TO DO: Below this line are records; write out exactly the lines from the one containing "Roxy Sunday Feeling" through the one containing "если m≠0 m≠-3 m≠1 x=(x+8)/(x+3)", with the pictures left out.

===== SUPPLIED DATA =====

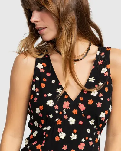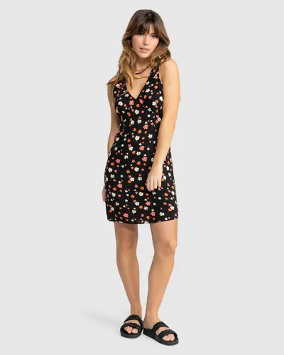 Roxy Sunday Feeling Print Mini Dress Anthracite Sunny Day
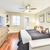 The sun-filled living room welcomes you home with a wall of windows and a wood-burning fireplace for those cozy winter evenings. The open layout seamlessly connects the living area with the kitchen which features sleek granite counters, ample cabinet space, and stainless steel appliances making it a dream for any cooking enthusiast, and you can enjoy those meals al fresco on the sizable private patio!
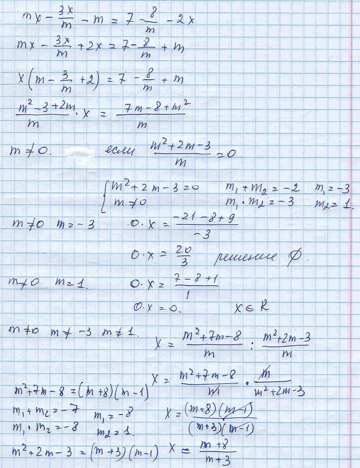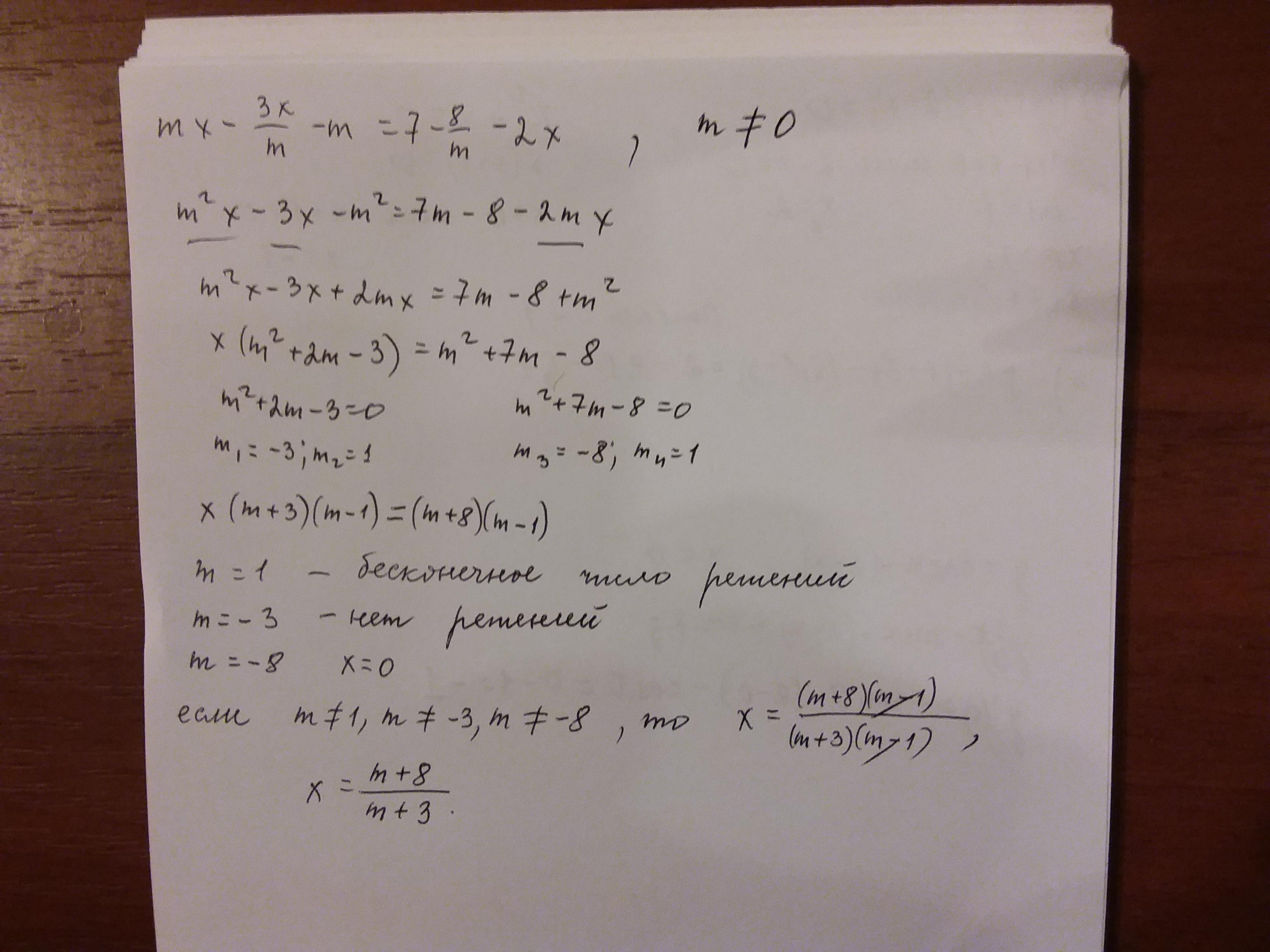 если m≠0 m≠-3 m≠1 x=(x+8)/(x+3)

=====
===== SUPPLIED DATA =====

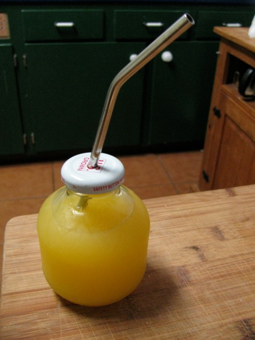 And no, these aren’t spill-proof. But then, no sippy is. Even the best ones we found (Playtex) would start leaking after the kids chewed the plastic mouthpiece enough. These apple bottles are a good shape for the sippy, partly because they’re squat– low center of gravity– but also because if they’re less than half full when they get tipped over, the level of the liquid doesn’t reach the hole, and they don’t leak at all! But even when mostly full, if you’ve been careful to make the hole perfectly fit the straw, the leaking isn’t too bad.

=====

SOLUTION BELOW:
 Roxy Sunday Feeling Print Mini Dress Anthracite Sunny Day
 The sun-filled living room welcomes you home with a wall of windows and a wood-burning fireplace for those cozy winter evenings. The open layout seamlessly connects the living area with the kitchen which features sleek granite counters, ample cabinet space, and stainless steel appliances making it a dream for any cooking enthusiast, and you can enjoy those meals al fresco on the sizable private patio!
 если m≠0 m≠-3 m≠1 x=(x+8)/(x+3)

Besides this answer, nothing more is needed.